**Directions**
Given the records below, the lines starting at the line with "Chic Pink Stand" and ending at the line with "러닝트랙 가기 전에 맨발" should be output exactly, both end lines kept and pictures left out.

**Record set**
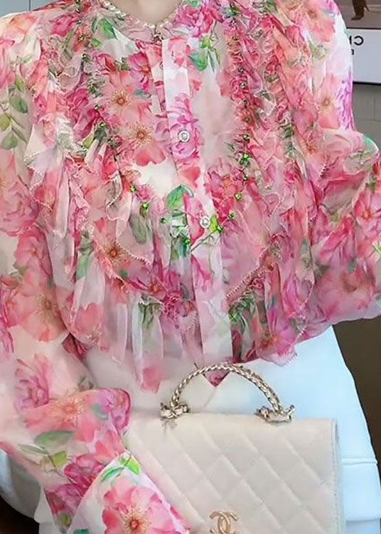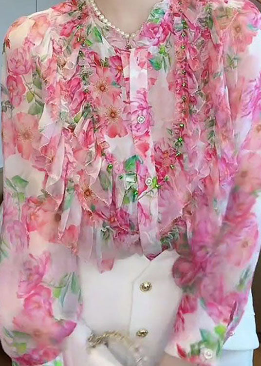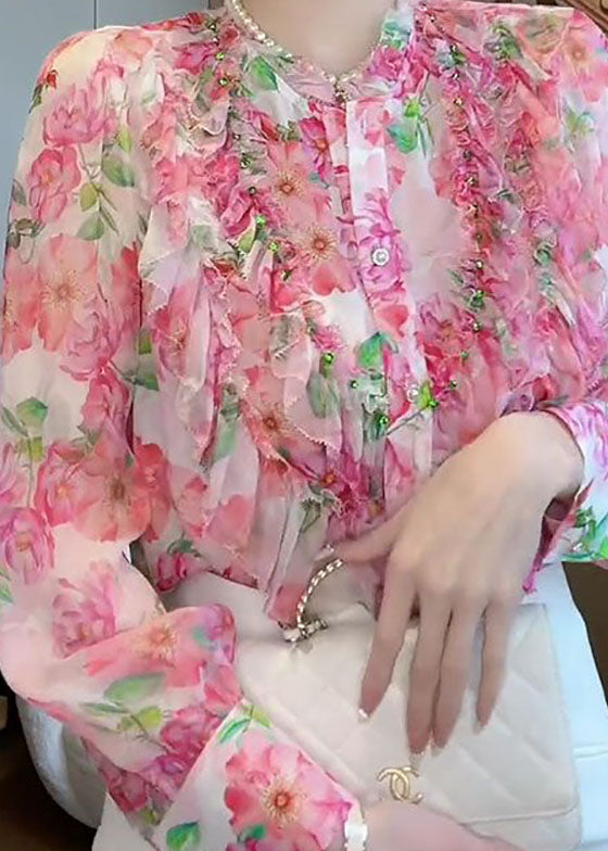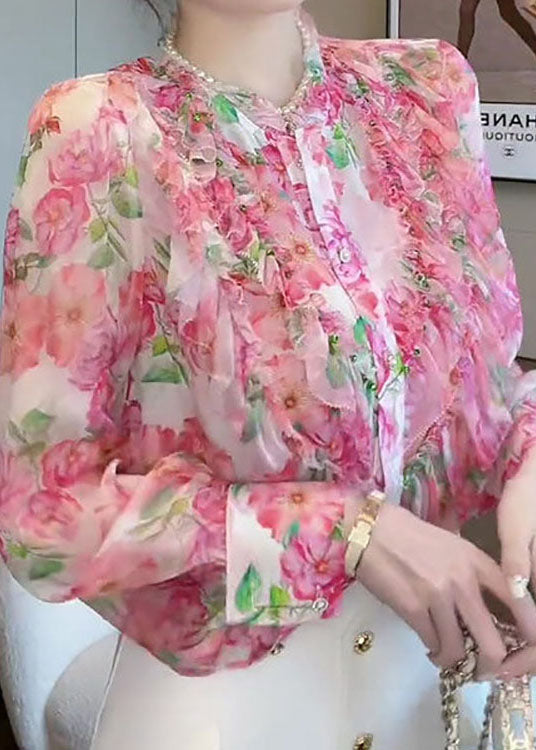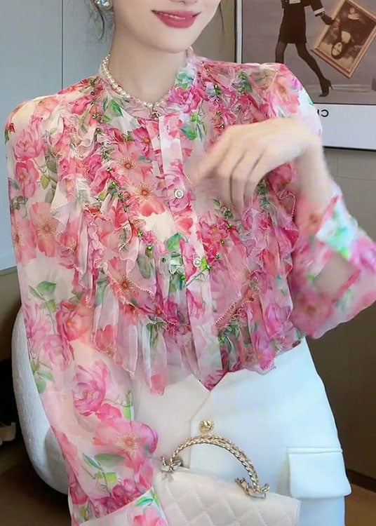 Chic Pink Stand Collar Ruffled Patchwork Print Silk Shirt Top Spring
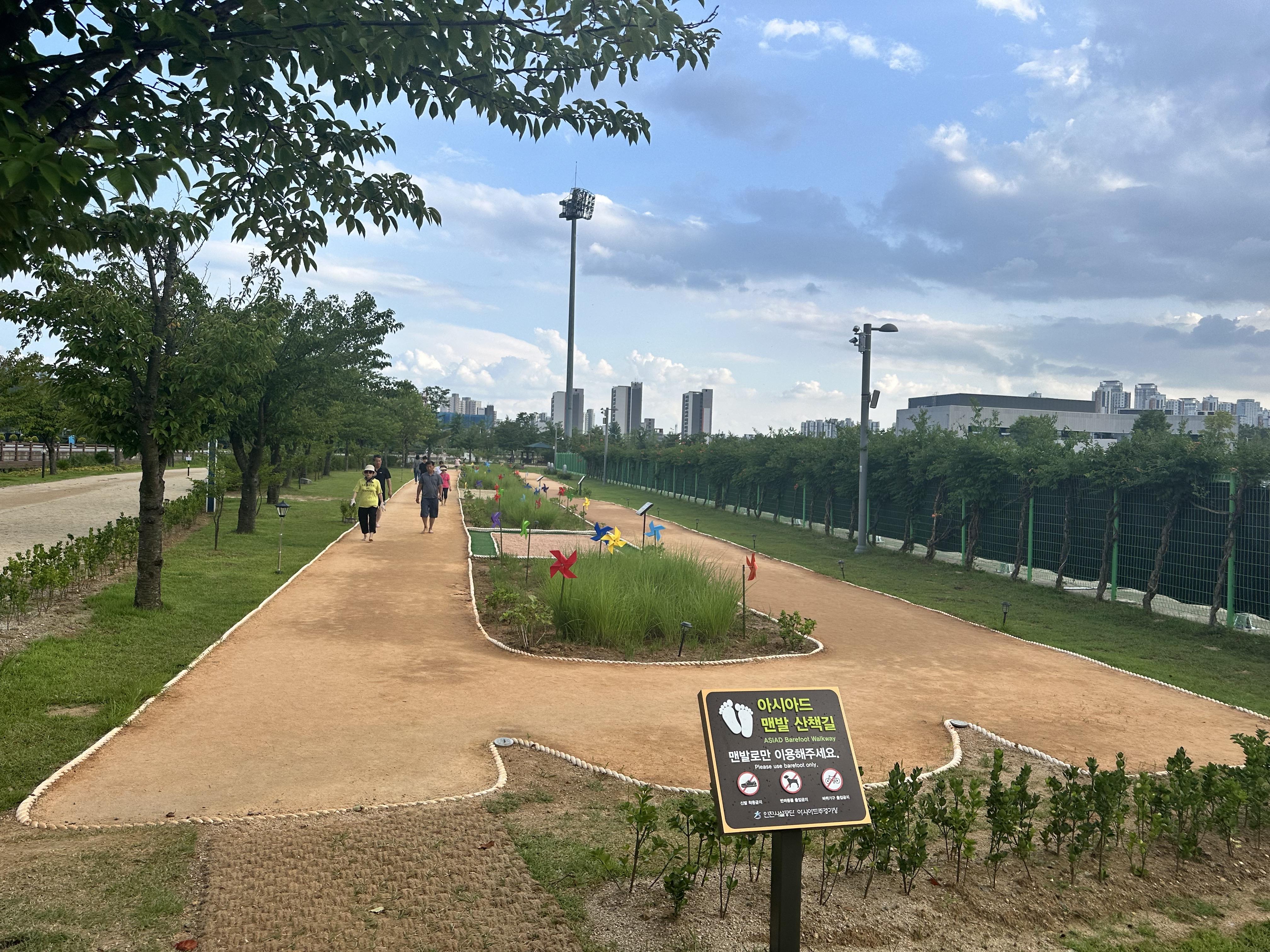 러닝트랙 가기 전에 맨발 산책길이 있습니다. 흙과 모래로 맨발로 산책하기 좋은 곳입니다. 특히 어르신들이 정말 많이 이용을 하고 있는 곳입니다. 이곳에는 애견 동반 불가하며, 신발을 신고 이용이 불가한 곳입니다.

--

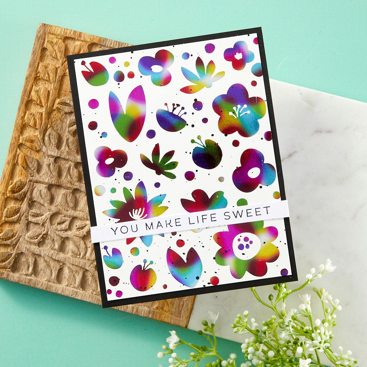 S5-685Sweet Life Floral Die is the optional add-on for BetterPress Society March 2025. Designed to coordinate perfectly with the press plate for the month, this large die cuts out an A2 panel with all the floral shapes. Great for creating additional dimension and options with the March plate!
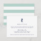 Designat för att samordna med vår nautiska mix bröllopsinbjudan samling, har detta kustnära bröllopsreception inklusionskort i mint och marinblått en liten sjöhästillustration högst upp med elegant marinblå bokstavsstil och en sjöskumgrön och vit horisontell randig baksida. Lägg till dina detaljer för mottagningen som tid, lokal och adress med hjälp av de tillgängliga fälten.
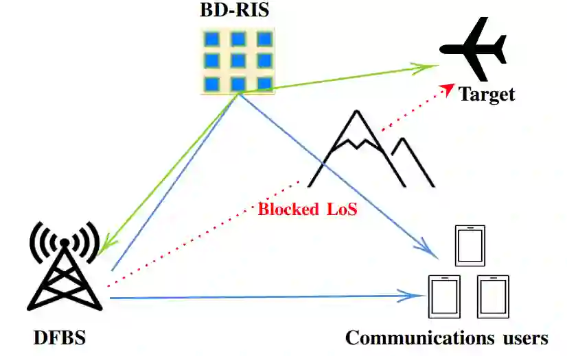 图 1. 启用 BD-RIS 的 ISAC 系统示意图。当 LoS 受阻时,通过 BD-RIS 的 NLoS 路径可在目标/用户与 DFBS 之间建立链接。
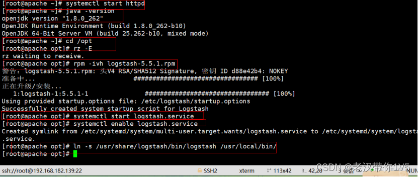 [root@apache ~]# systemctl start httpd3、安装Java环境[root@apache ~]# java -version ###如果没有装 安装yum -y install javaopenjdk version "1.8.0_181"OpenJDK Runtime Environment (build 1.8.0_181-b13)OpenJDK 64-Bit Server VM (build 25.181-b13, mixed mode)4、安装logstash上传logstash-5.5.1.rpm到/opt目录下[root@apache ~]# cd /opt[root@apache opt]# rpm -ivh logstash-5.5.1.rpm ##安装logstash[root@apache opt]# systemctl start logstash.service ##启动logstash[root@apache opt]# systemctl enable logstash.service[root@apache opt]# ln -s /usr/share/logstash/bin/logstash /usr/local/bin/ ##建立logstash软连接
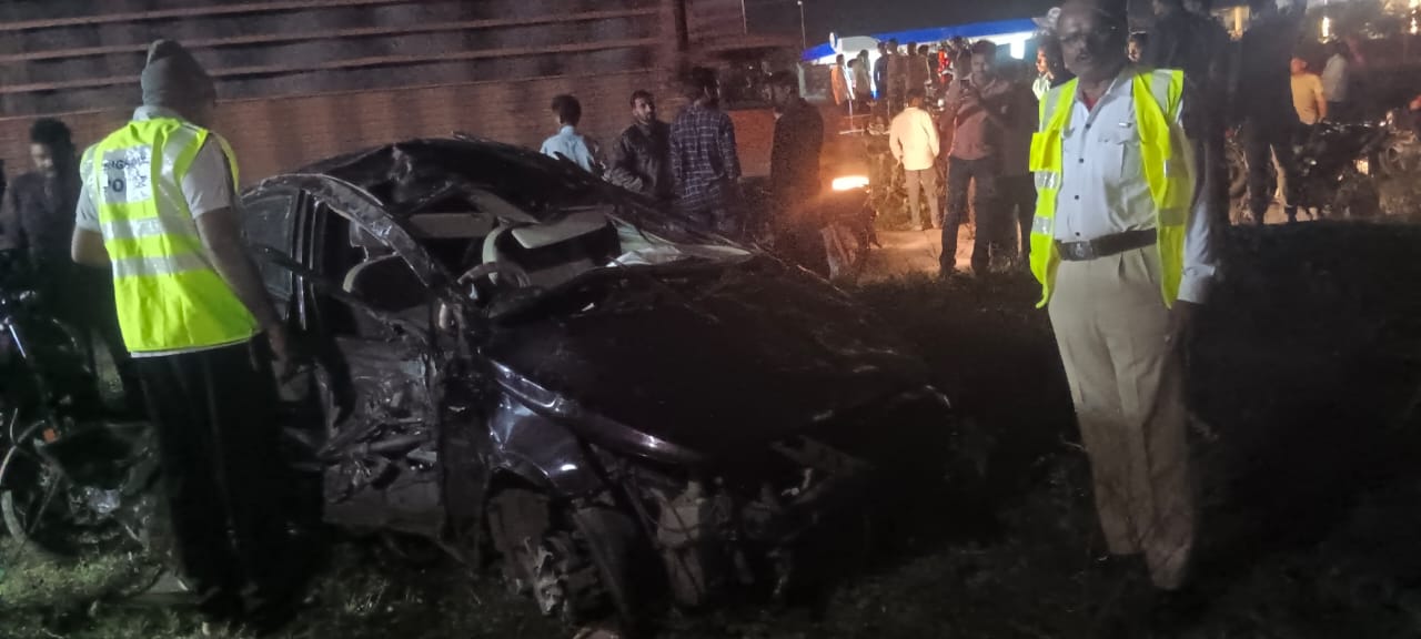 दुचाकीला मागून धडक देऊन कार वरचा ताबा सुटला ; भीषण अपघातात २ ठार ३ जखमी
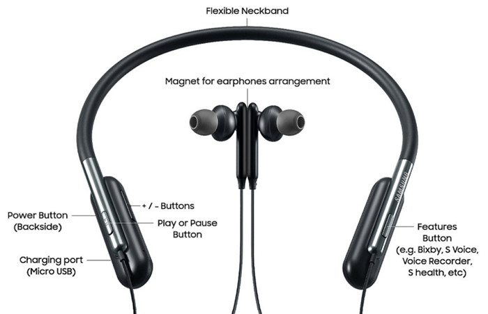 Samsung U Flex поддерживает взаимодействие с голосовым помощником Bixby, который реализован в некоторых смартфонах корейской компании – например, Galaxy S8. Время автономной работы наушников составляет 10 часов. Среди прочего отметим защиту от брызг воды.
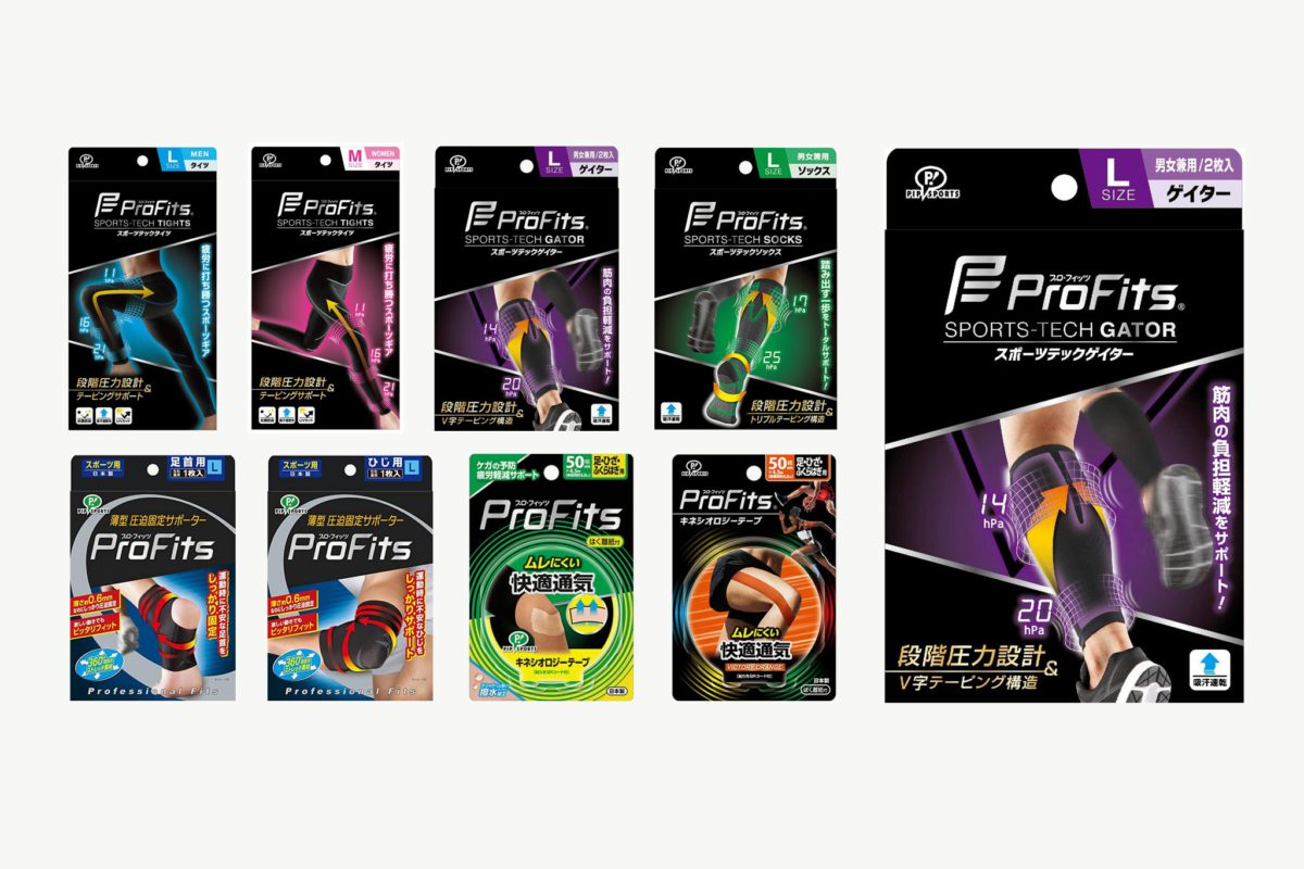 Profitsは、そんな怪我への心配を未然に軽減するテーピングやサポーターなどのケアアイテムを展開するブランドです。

**Reply**
 Chic Pink Stand Collar Ruffled Patchwork Print Silk Shirt Top Spring
 러닝트랙 가기 전에 맨발 산책길이 있습니다. 흙과 모래로 맨발로 산책하기 좋은 곳입니다. 특히 어르신들이 정말 많이 이용을 하고 있는 곳입니다. 이곳에는 애견 동반 불가하며, 신발을 신고 이용이 불가한 곳입니다.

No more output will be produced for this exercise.